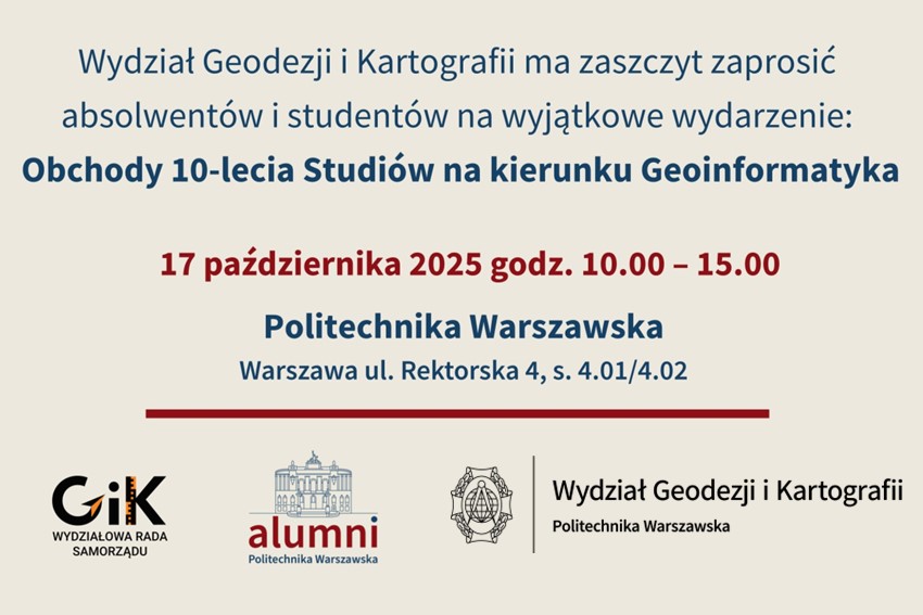 Serdecznie zapraszamy całą społeczność akademicką Wydziału GiK do wzięcia udziału w Obchodach 10-lecia Studiów na kierunku Geoinformatyka, które odbędą się 17 października 2025 roku, od godziny 10:00, w sali 4.01/4.02 w Gmachu Rektorska 4. W ramach wydarzenia, w godzinach 12:00 - 15:00, odbędzie się Debata pt. „Geodezyjne oko Wielkiego Brata. Powszechna inwigilacja czy fundament rozwoju Państwa i gospodarki?”, organizowana przez Biuro Karier PW, w ramach cyklu „Absolwenci w branży.
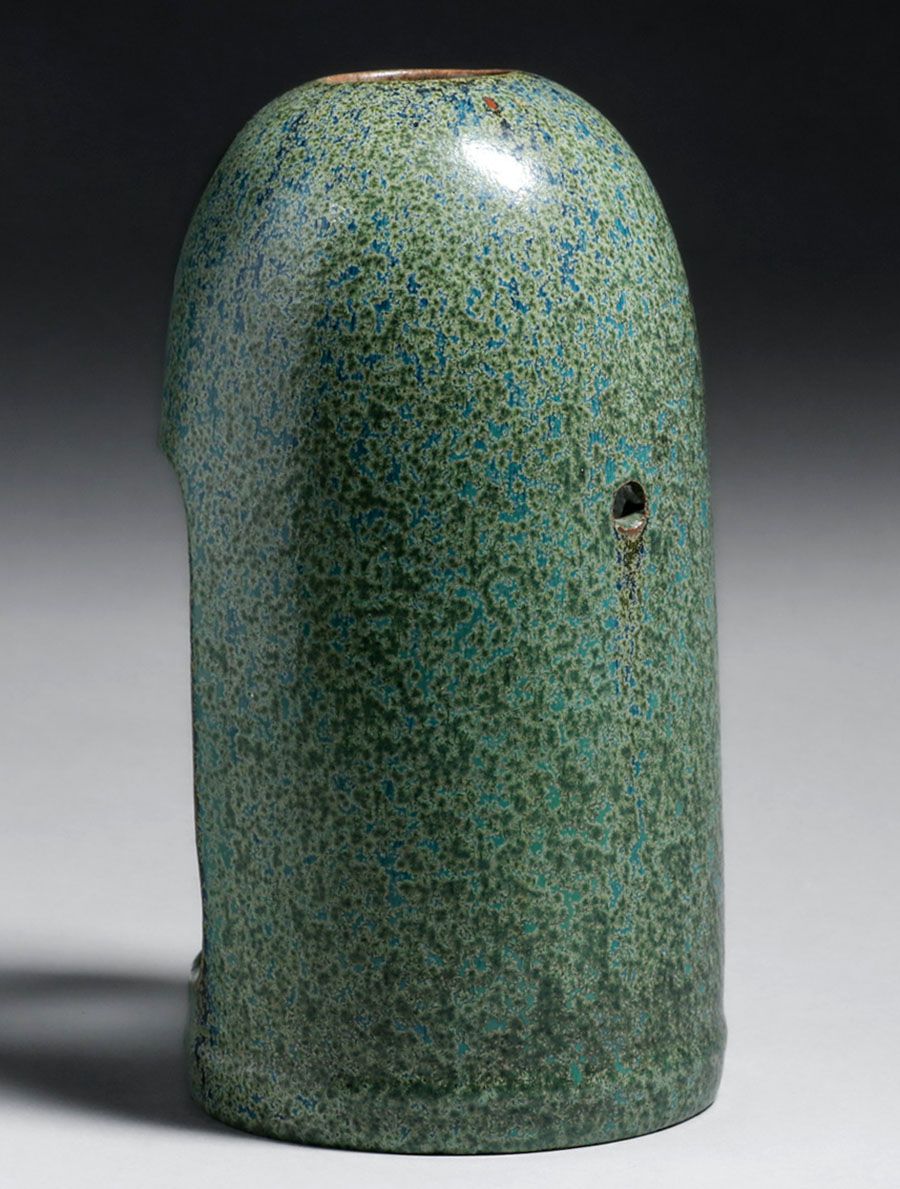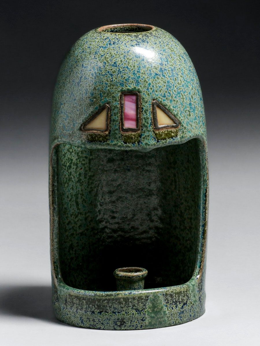 Fulper Pottery #1000 Leaded Glass Candle Sconce c1910. One of the best examples of Fulper glaze we have seen on this form. Signed with original paper label. Small flat base chip, otherwise perfect condition. 10.5″h x 6″d SOLD
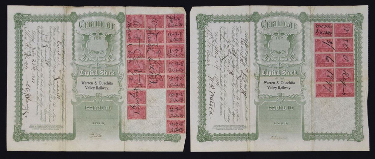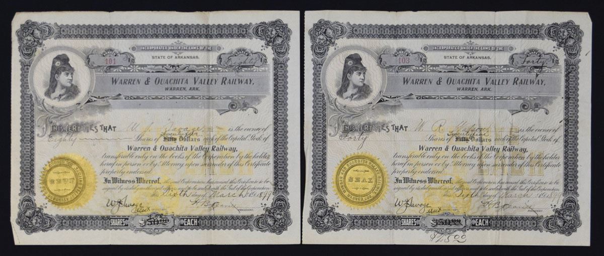 Arkansas.., 1899, Lot of 2, Warren & Ouachita Valley Railway, I/U Stock certificates, 40, and 80 share certificates. VF condition. (2). This railroad only has listed cancelled stock certificates, these are both uncancelled. Rare in this format.

******************************

**How to complete this task**
Without including a single picture, restate all of the data word for word.

**Task output**
 Serdecznie zapraszamy całą społeczność akademicką Wydziału GiK do wzięcia udziału w Obchodach 10-lecia Studiów na kierunku Geoinformatyka, które odbędą się 17 października 2025 roku, od godziny 10:00, w sali 4.01/4.02 w Gmachu Rektorska 4. W ramach wydarzenia, w godzinach 12:00 - 15:00, odbędzie się Debata pt. „Geodezyjne oko Wielkiego Brata. Powszechna inwigilacja czy fundament rozwoju Państwa i gospodarki?”, organizowana przez Biuro Karier PW, w ramach cyklu „Absolwenci w branży.
 Fulper Pottery #1000 Leaded Glass Candle Sconce c1910. One of the best examples of Fulper glaze we have seen on this form. Signed with original paper label. Small flat base chip, otherwise perfect condition. 10.5″h x 6″d SOLD
 Arkansas.., 1899, Lot of 2, Warren & Ouachita Valley Railway, I/U Stock certificates, 40, and 80 share certificates. VF condition. (2). This railroad only has listed cancelled stock certificates, these are both uncancelled. Rare in this format.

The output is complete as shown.